BEGIN Source information
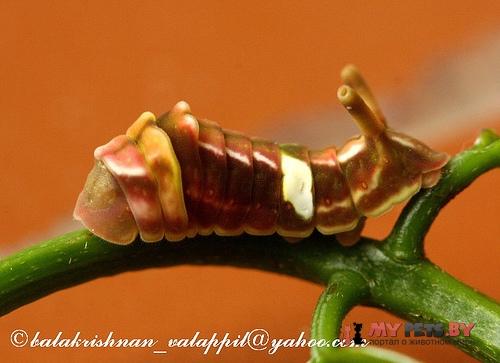 Куколка: Светло-зеленый, крыло случаях голубовато-зеленый. Существует видном форме сердца бледно охристый метку на верхней части грудной клетки, ямы на ней заполнены красноватый пигмент.
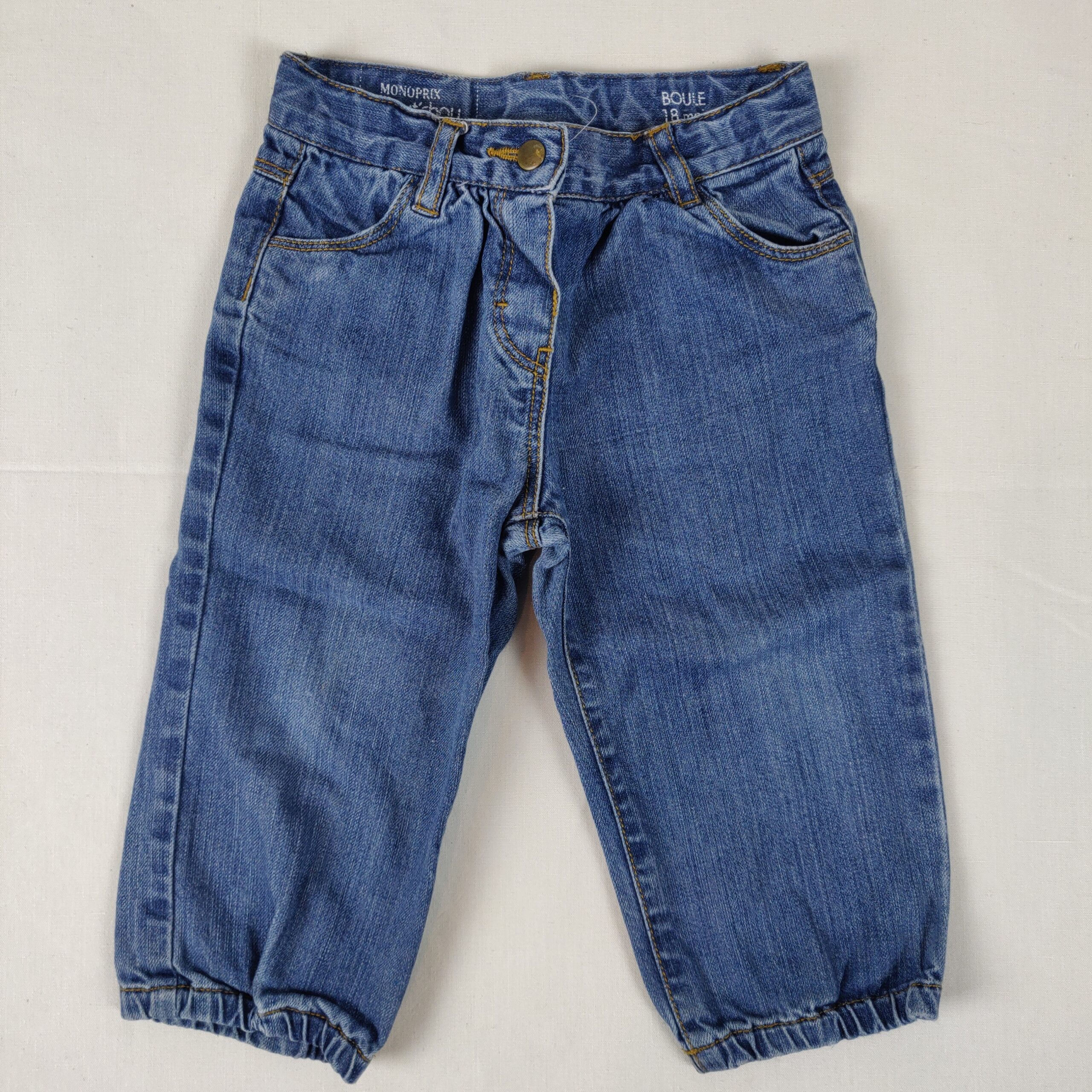 Autres commentaires : Jean bleu denim, fronces à la taille, chevilles élastiquées, taille ajustable. Petit défaut : accroc rappiécé au niveau du revers de la fermeture, assez discret pour lui donner une vie de plus.
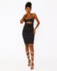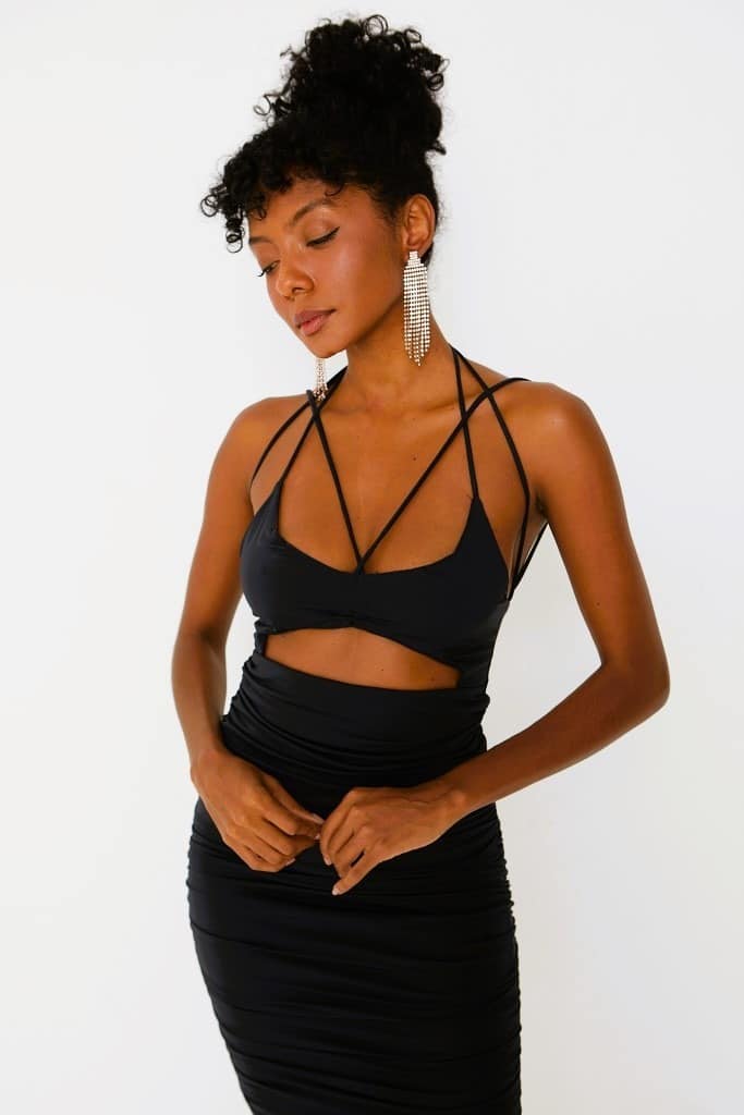 Confeccionado em malha, estampa preto poá, alças trançadas, recortes vazados em seu busto, já seu comprimento traz amplitude quando associado aos drapeados da saia, o que agrega volume sem perder a sutileza, e com forro interno
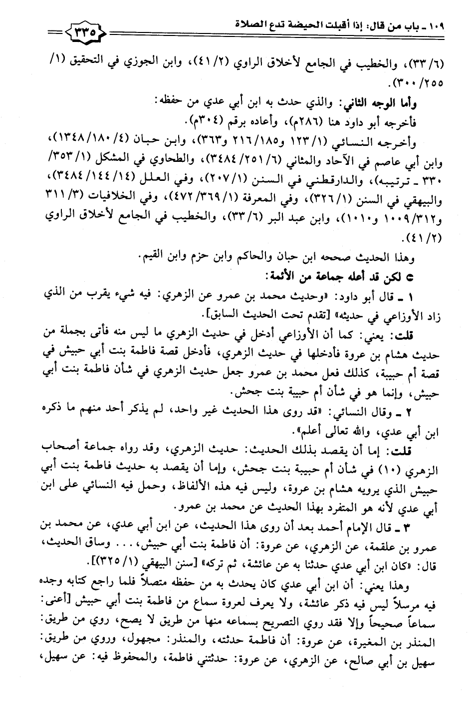 قلت: إما أن يقصد بذلك الحديث: حديث الزهري، وقد رواه جماعة أصحاب الزهري (١٠) في شأن أم حبيبة بنت جحش، وإما أن يقصد به حديث فاطمة بنت أبي حبيش الَّذي يرويه هشام بن عروة، وليس فيه هذه الألفاظ، وحمل فيه النسائي على ابن أبي عدي لأنَّه هو المتفرد بهذا الحديث عن محمد بن عمرو.
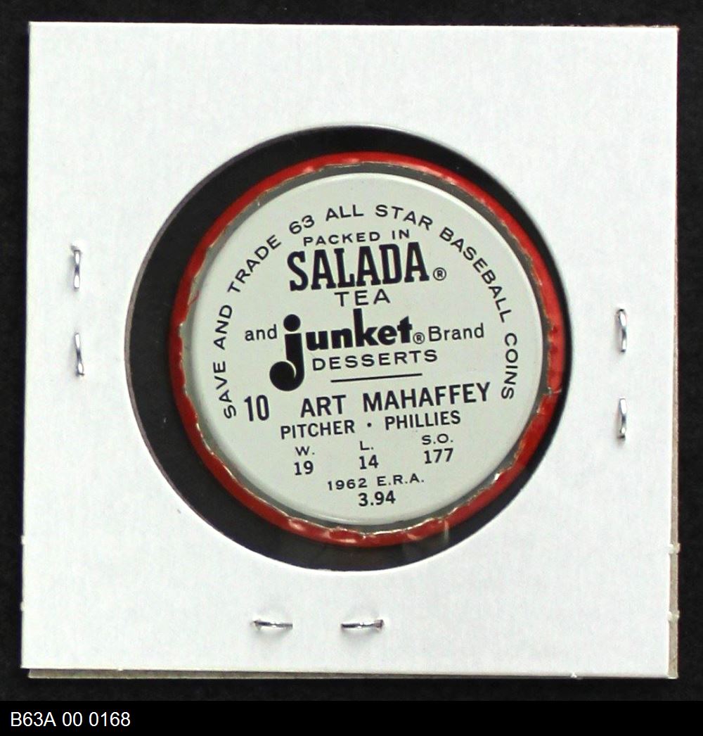 | 1963 Salada Metal Coins #10 Art Mahaffey | 7 - NM | Front | Back |
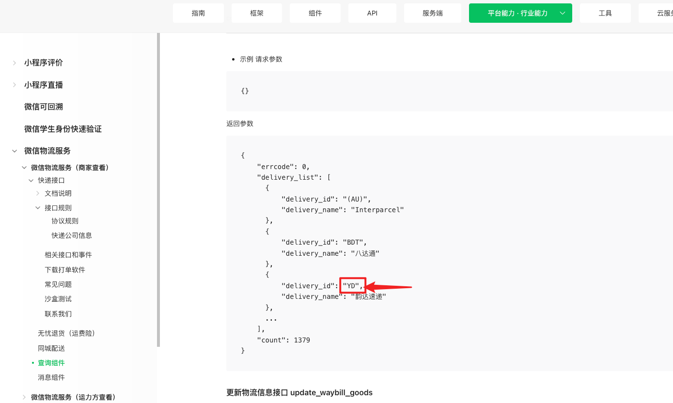 快递公司名称:韵达快递,快递公司ID=“YUNDA”,接口调用返回的delivery_id = "YD" ,为什么不一致?
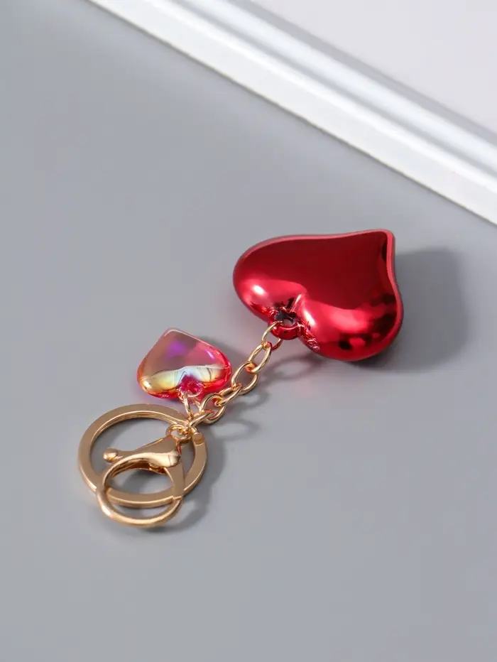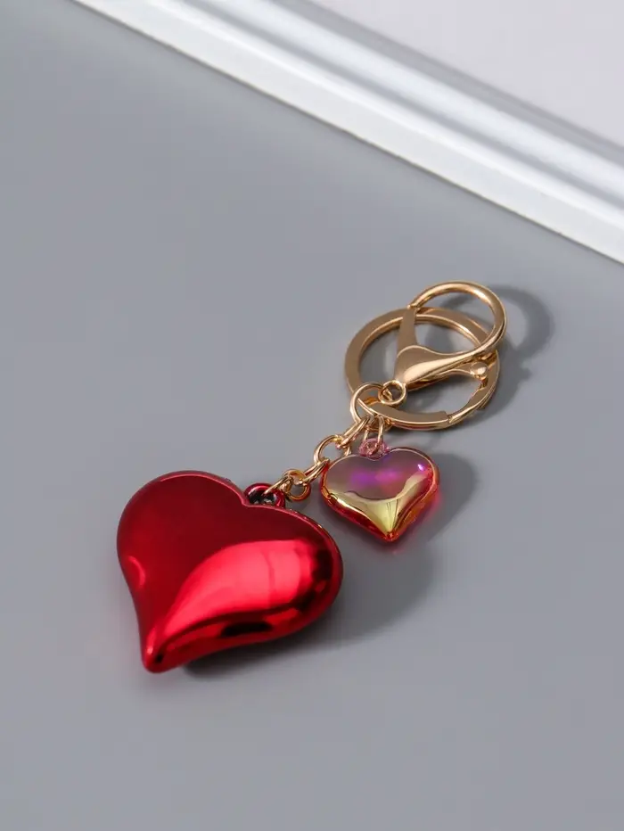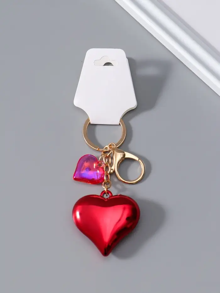 Брелок пластик с карабином "Два сердца" красный 4,5х4,5х1,5 см
END Source information
Reproduce the lines from the line containing "Front | Back |" through the end of the records above, exactly and inclusively, omitting pictures.

 | 1963 Salada Metal Coins #10 Art Mahaffey | 7 - NM | Front | Back |
 快递公司名称:韵达快递,快递公司ID=“YUNDA”,接口调用返回的delivery_id = "YD" ,为什么不一致?
 Брелок пластик с карабином "Два сердца" красный 4,5х4,5х1,5 см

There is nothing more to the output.